EXERCISE GOAL
There should be no pictures in your answer, only an exact copy of the lines from the one with "IAAI Nr: I-44604344" through the end of the material.

** DATA PROVIDED follows **

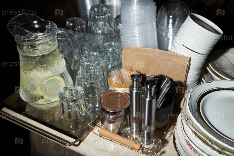 Накопленная стеклянная посуда и одноразовые столовые принадлежности, расположенные на столе Catering Service
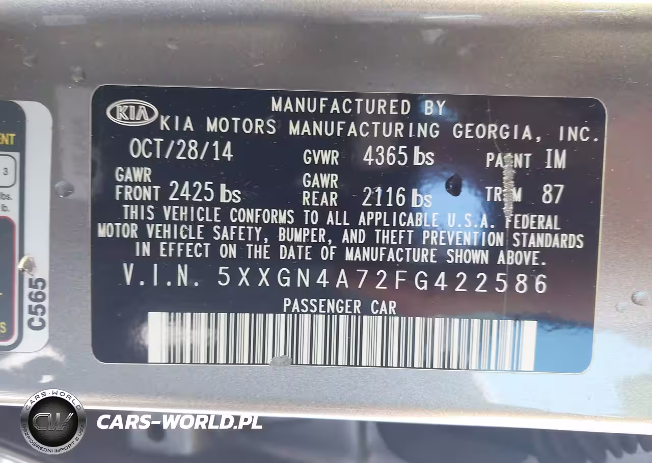 IAAI Nr: I-44604344 VIN: 5XXGN4A72FG422586 Port: Savannah, GA
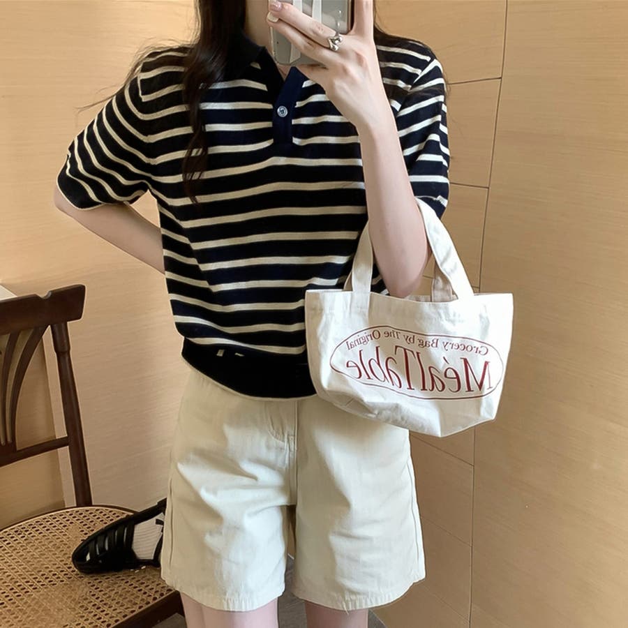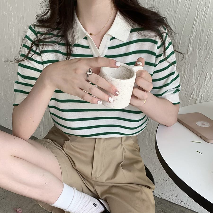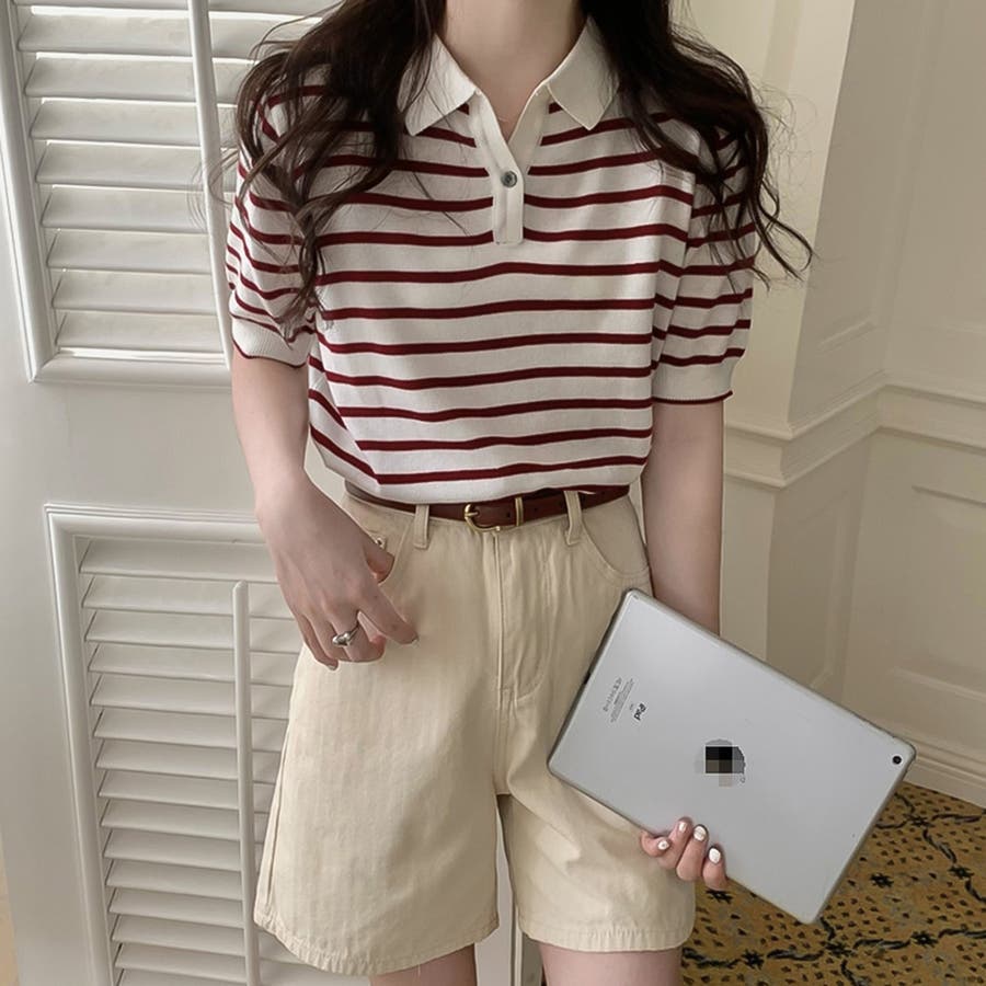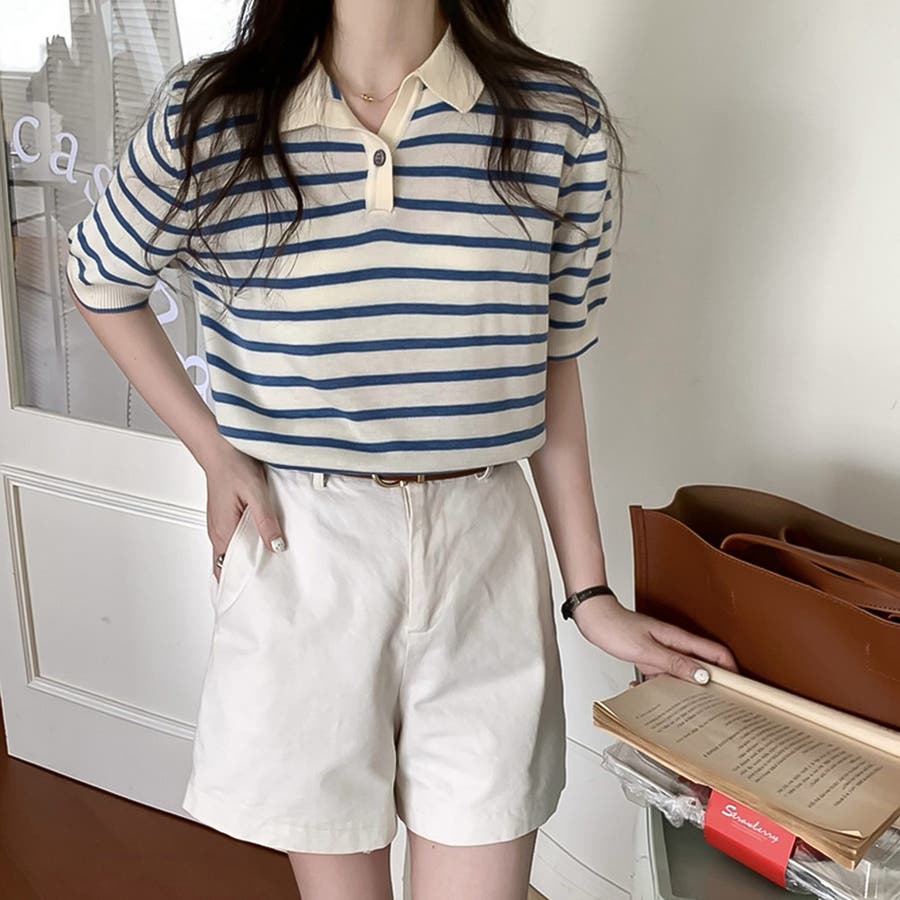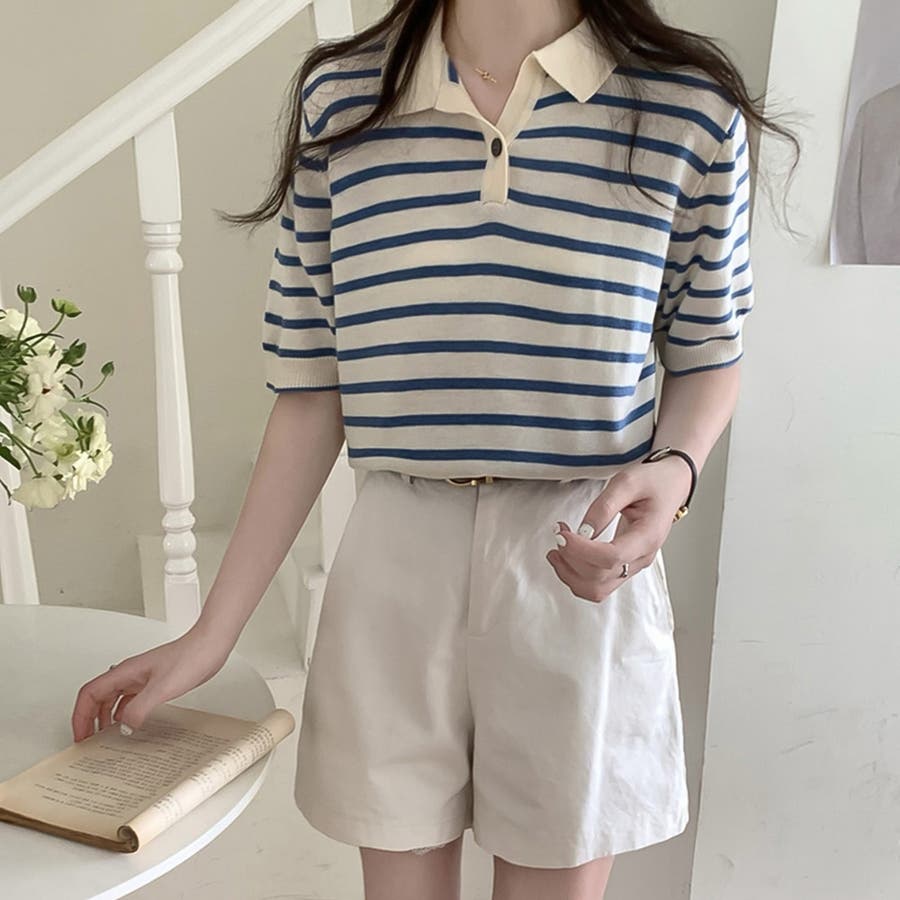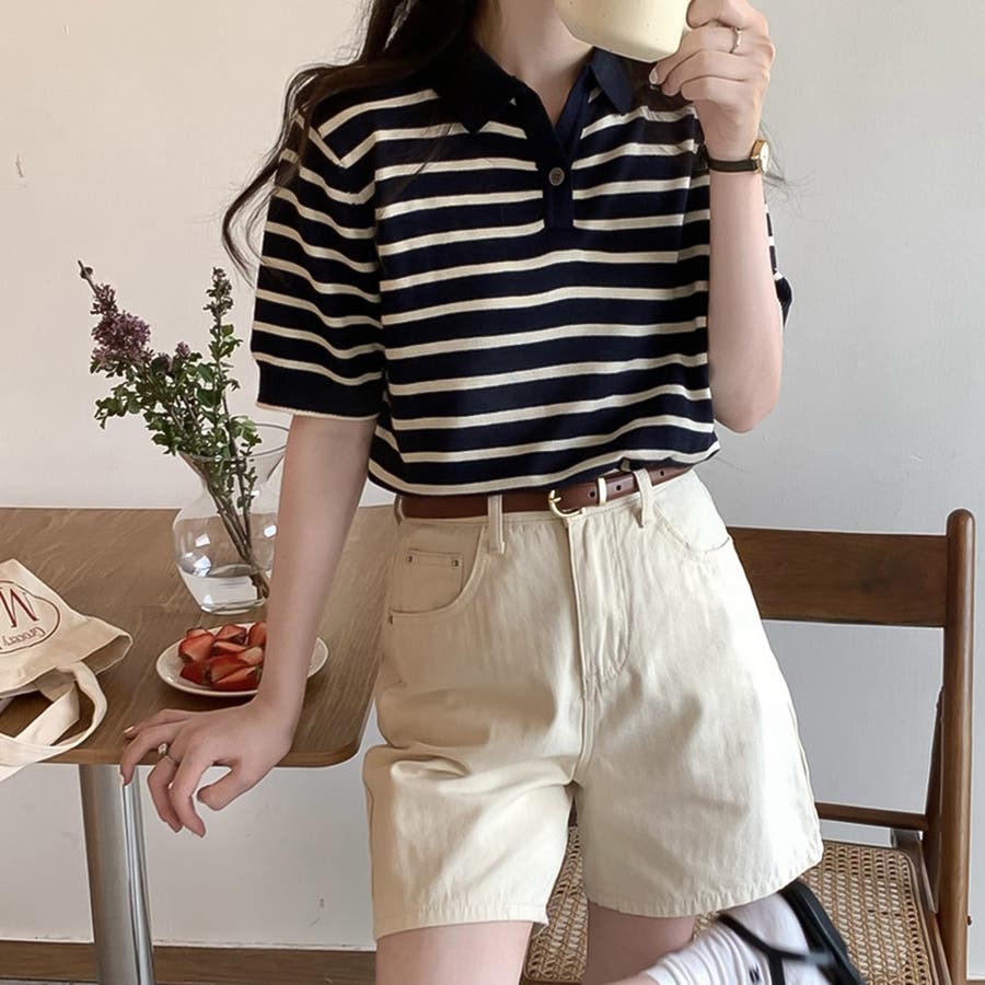 さわやかなマリンスタイルには欠かせないボーダー柄トップス。

** End of DATA PROVIDED **

RESPONSE TO THE TASK
 IAAI Nr: I-44604344 VIN: 5XXGN4A72FG422586 Port: Savannah, GA
 さわやかなマリンスタイルには欠かせないボーダー柄トップス。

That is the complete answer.